Participant demographics

We obtained recordings from 54 ASD and 18 neurotypical control (NTC) participants, including children (5–12 years) adolescents (13–17 years), and adults (18–45 years) as part of an observational clinical trial (NCT03611075, 02/08/2018)19. We wanted a full span of ages to ensure that the diarization algorithm worked on children as well as adults, because most of the training data available for performing speaker diarization and speaker identification is from adult speech. The study was conducted according to the guidelines of the Declaration of Helsinki. The study has received all necessary Institutional Review Board (IRB) approvals. For the inclusion and exclusion criteria for the clinical trial, please see the Supplementary Information.

Each participant was required to have a single study partner with whom they would record their conversations. The study partners were either a staff member or family member of the participant, who must spend a few hours each day with the participant. For the inclusion criteria for the study partner, please see the Supplementary Information.

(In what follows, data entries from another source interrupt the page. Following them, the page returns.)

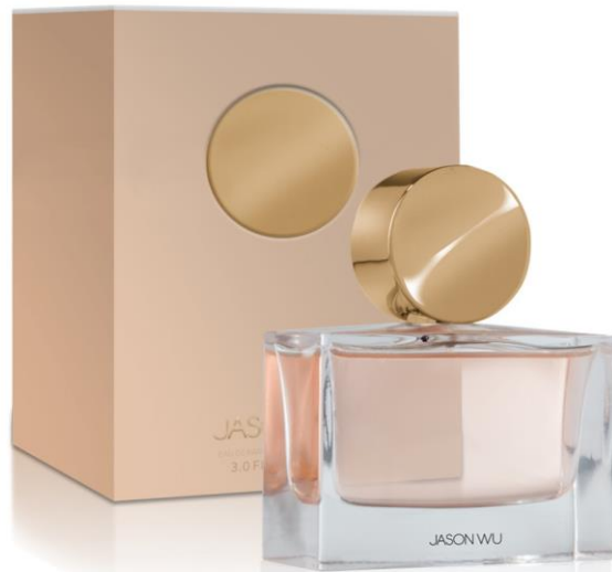
Eau de Parfum 90ml
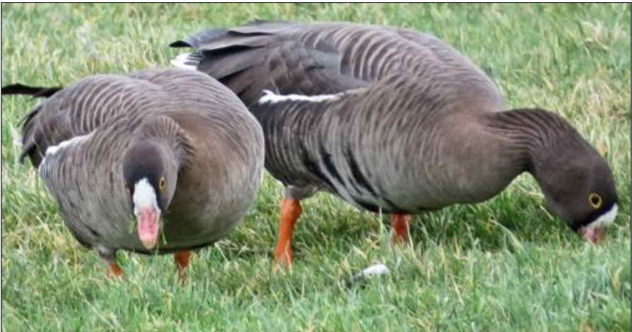
Dwergganzen, VHP-Nessedijk, 20 januari 2021.

3. Dwergganzen , meestal ver weg en in greppels, laten Nederland steeds vaker links liggen. Van lang niet alle gezenderde en gekleurringde vogels is ook het overwinte-
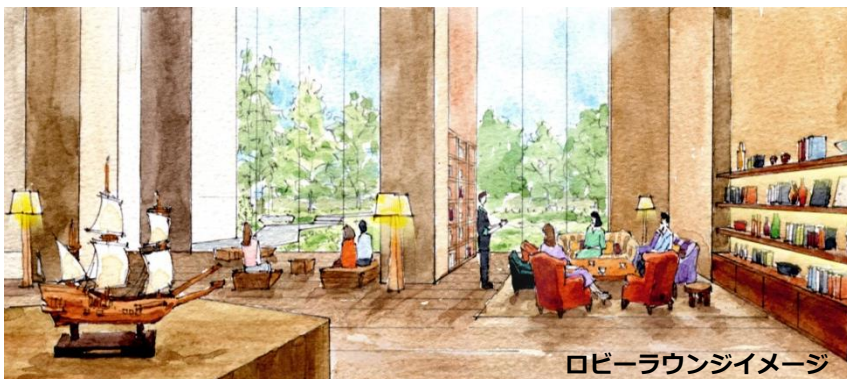
ロビーラウンジイメージ

当館の内装デザインは、商業空間のデザインを数多く手掛けているスーパーポテトに依頼しました。
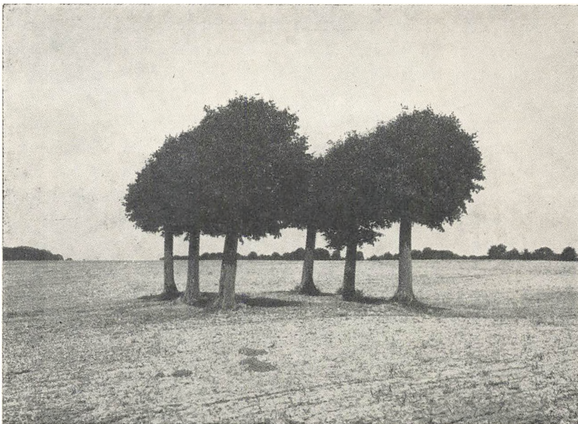
Brandtræerne, hvori Gaarden Røst's Brand er hensat.

Skrædderen satte som før Grød og Mælk over hos Nisserne i Pol-dene, men de rørte det nu ikke, da Nis jo aldrig har kunnet lide, at der blev dreven Løjer med ham.
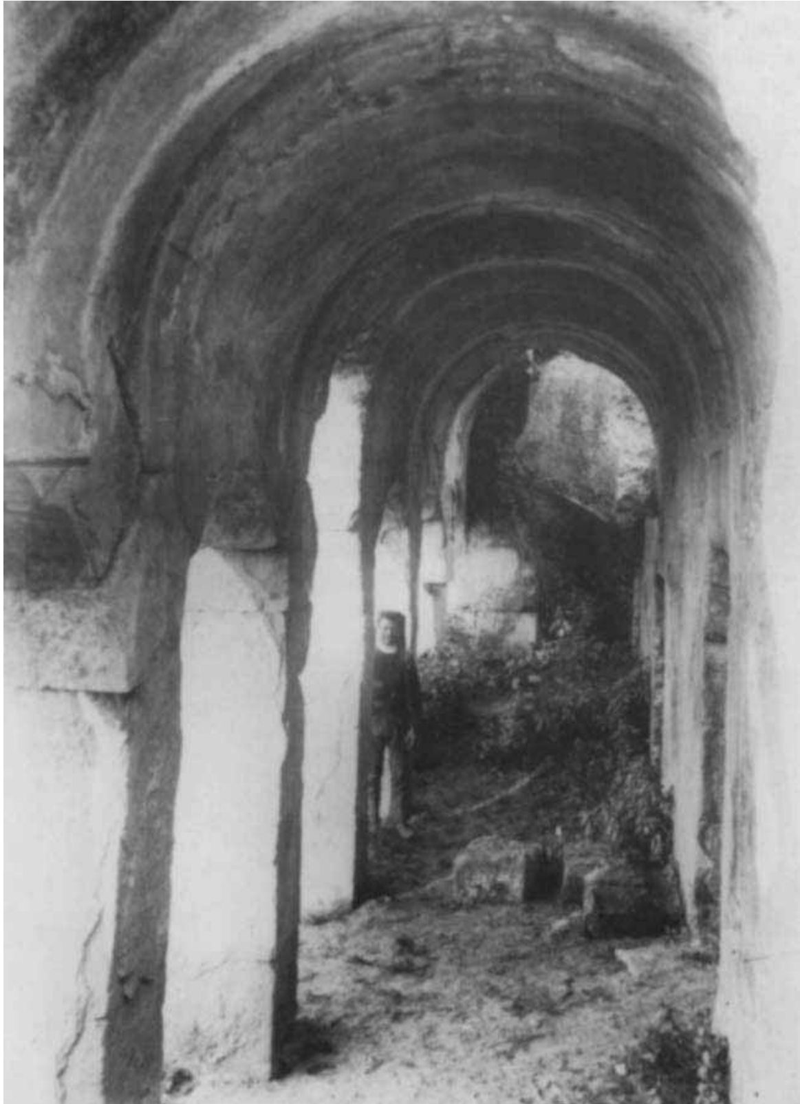
Fig. 4 - Interno del porticato messo in luce negli scavi del 1899 (da TARAMELLI 1903).
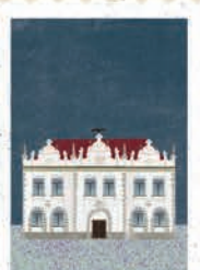
Rzeszów str. 58-59
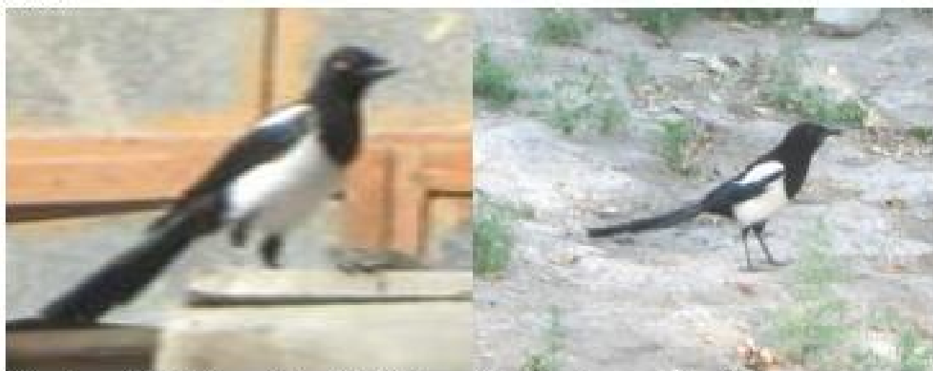
Uyasidan uchub chiqqan bir oylik jo'ja Voyaga yetgan zag'izg'on
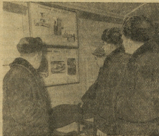
На снимках (слева): вот они — крупные блоки Сугресского завода; справа — участники конференции осматривают фототрифины выставки.

На конференции была организована выставка новых изделий, выпускаемых предприятиями и крупных блоков четырех- и двухрядной разрезки, пустотных фундаментных блоков, опор для уличных фонарей, деталей забора.
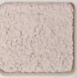
43 G OP, SG, SIG, Σ, O
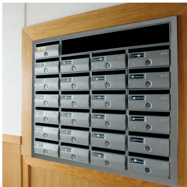
Buzones H3404P empotrados en pared con tapajuntas de aluminio.
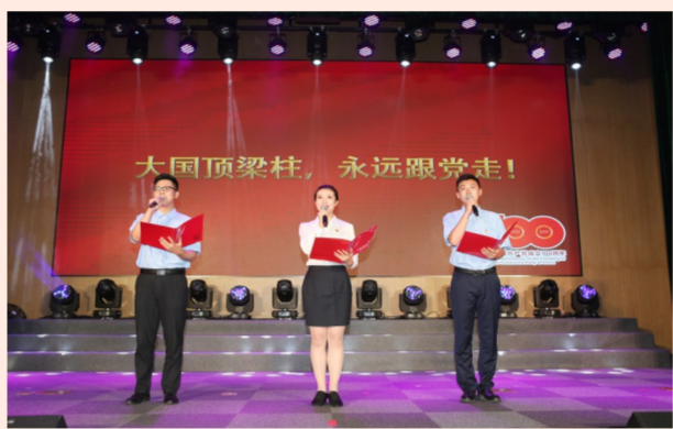
中建六局举办庆祝中国共产党成立100周年表彰大会暨主题展演，节目形式多样，异彩纷呈，情景朗诵《红色家书》、红歌联唱将活动气氛推向高潮。（陆轩）
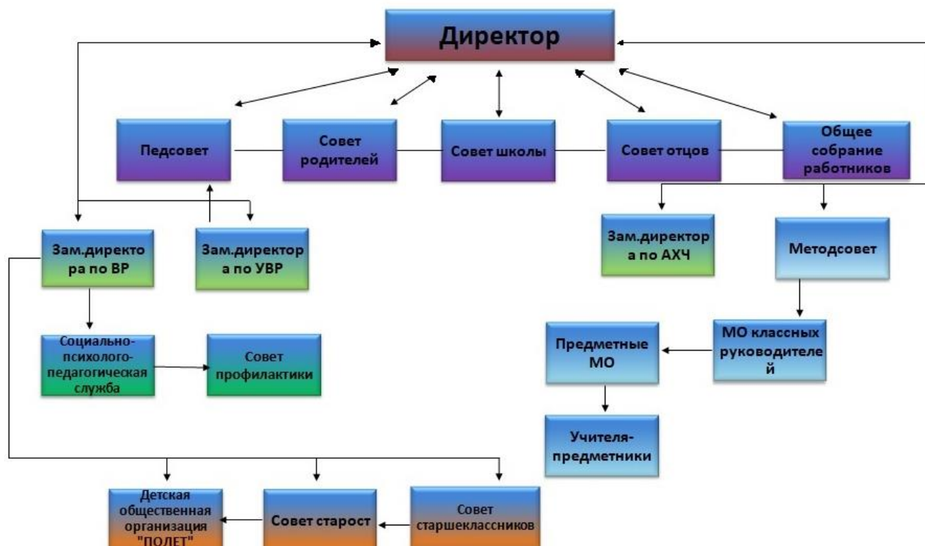
Структура управления ОО

Система управления школой за последние три года не претерпела структурных изменений. Продолжил работу Совет отцов, сократилось количество методических объединений за счет соединения разных предметников, отмечаются качественные изменения, связанные с увеличением доли участия родителей и учащихся в управлении школой через Совет школы, Совет родителей, родительские комитеты классов, Совет старшекласников и др.

The ASD participants had their IQ measured according to the Abbreviated Battery IQ (ABIQ) of the Stanford–Binet intelligence scales fifth edition (SB5)20. This contains a verbal and non-verbal component, which provides an estimate of the full-scale IQ. ASD participants were subsequently placed into two categories, depending on whether their IQ was above or below 70.

While 135 participants were initially recruited into the trial, only 72 completed the conversation task at least once. See Table 1 for a break-down of the participant demographics, showing the sex of the participants (1st row: male/female), the total number of participants with recorded conversations in the study (2nd row), and the number of participants with hand-labelled recordings (3rd row). The number of conversations recorded for each cohort is displayed in brackets. Additional demographic information is shown in Supplementary Table 1.

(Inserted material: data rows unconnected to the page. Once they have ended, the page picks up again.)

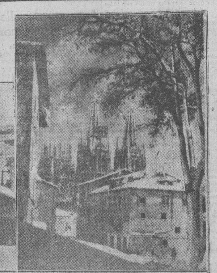
La ciudad amaneció el domingo totalmente cubierta por una espesa capa de nieve, como puede apreciarse en estas bellas fotografías captadas por el objetivo de "FeDe".

Hubo misas, actos literarios y banquetes de hermandad. En Madrid, coincidiendo con esta fecha, se celebró el "Día del periodista caído".
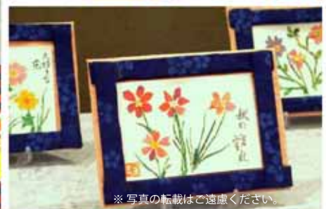
※ 写真の転載はご遠慮ください。
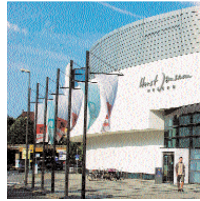
Erste Adresse im hohen Norden: Oldenburg

Dem Künstler Horst Janssen , in Oldenburg aufgewachsen, fühlte sich die Stadt besonders verpflichtet und eröffnete im Jahr 2000 das Horst-Janssen-Museum als weltweit einziges Haus mit einer bedeutenden Sammlung des genialen Zeichners, Grafikers und Autors. Zu den Highlights 2007 zählt eine Sonderausstellung des Malers Jörg Immendorff vom 26. Mai bis 26. August. Der 1945 geborene Jörg Immendorff gehört international zu den bekanntesten deutschen Künstlern. 2006 hat er den Goslarer Kaiserring als Auszeichnung seines künstlerischen Schaffens erhalten. Im Kontext des Horst-Janssen-Museums Oldenburg wird vor allem sein druckgrafisches Schaffen mit rund achtzig Werken im Vordergrund des regionalen und überregionalen Interesses stehen.
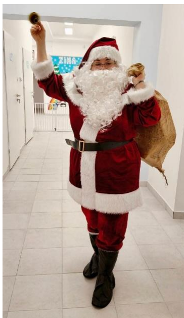
Fot. „Mikołajki”(źródło własne)

Fot. „Święto Niepodległości 11 listopada”(źródło własne) Fot. „Karnawał”(źródło własne)
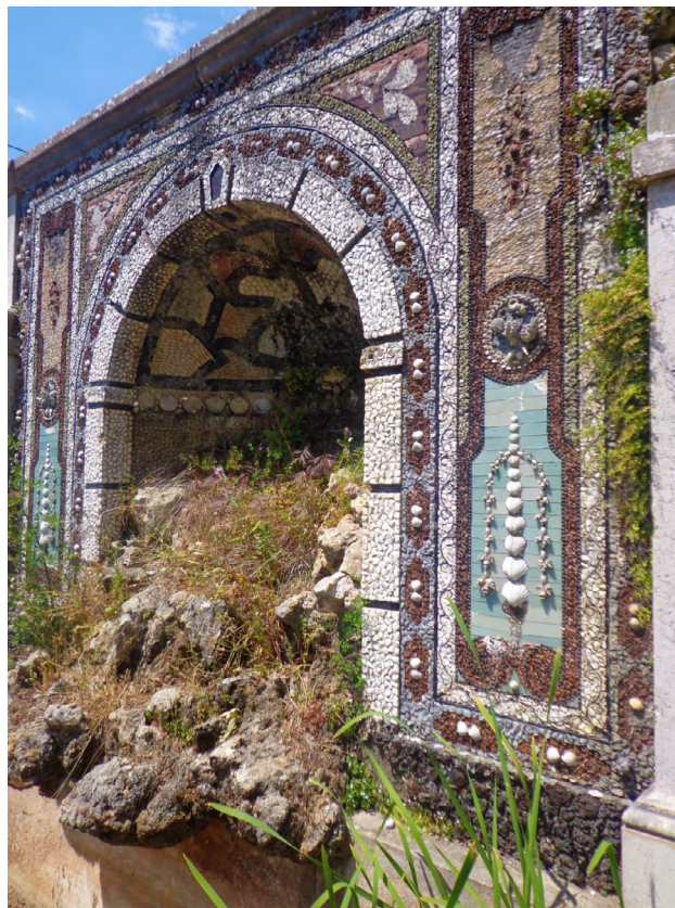
Figura 2: Detalle de fuente de la Quinta Nova da Assunção (1863), Sintra (Belas)

Hasta el más insignificante detalle parece estar perfectamente estudiado en Quinta Nova da Assunção . Así, las casas dedicadas a manutención agrícola y bodegas, se recubren del mismo fasto que los espacios nobles. Plantas exóticas, pájaros multicolor, y hasta una balastrada simulada, se retratan en la magistral azulejería de Luís das Tabuletas. Se trata de edificios secundarios, cuya acertada decoración, pretende mimetizarse con la naturaleza circundante del jardín. 21

Table 1 Participant demographics.

Audio recordings

We recorded natural conversations between each participant and their study partner (Fig. 1A). The study partners were given 6 suggested topics: school, work, free-time, what they did today, dreams, and things they like or dislike. They were given no other instructions; therefore the conversations were free-flowing and unstructured in every other regard. While we did instruct them to take place in a quiet environment, they often included background noise from everyday living activities, as well as speech from other members of the household. They were instructed to be at least 5 min in length, but were often shorter in practice. We then restricted our analyses to those conversations lasting between 1 and 8 min (an empirical choice to reject accidental recordings). The audio was recorded using a smartphone with 2 microphones. The study partner was instructed to place 1 microphone facing themselves, and the other at the participant.

Figure 1
figure 1

Task design, diarization methods, and feature extraction. Participants took part in (A) a conversation with a study partner, and (B) a Describe the Picture (DtP) task. (C) Conversations were automatically diarized into a hypothesised number of unknown speakers. (D) DtP audio was manually segmented to extract participant speech only. (E,F) The audio for each hypothesised speaker, and for the participant’s speech, were converted into fixed 192 dimensional embeddings. (G) The distances between the speaker embeddings and the participant’s embedding were measured using the cosine distance. (H) Speakers who’s distance was less than a predefined threshold (0.75: Spk1/Spk3 in this example) were assigned to be the participant. (I) The duration of each utterance was measured, and their basic statistics were calculated.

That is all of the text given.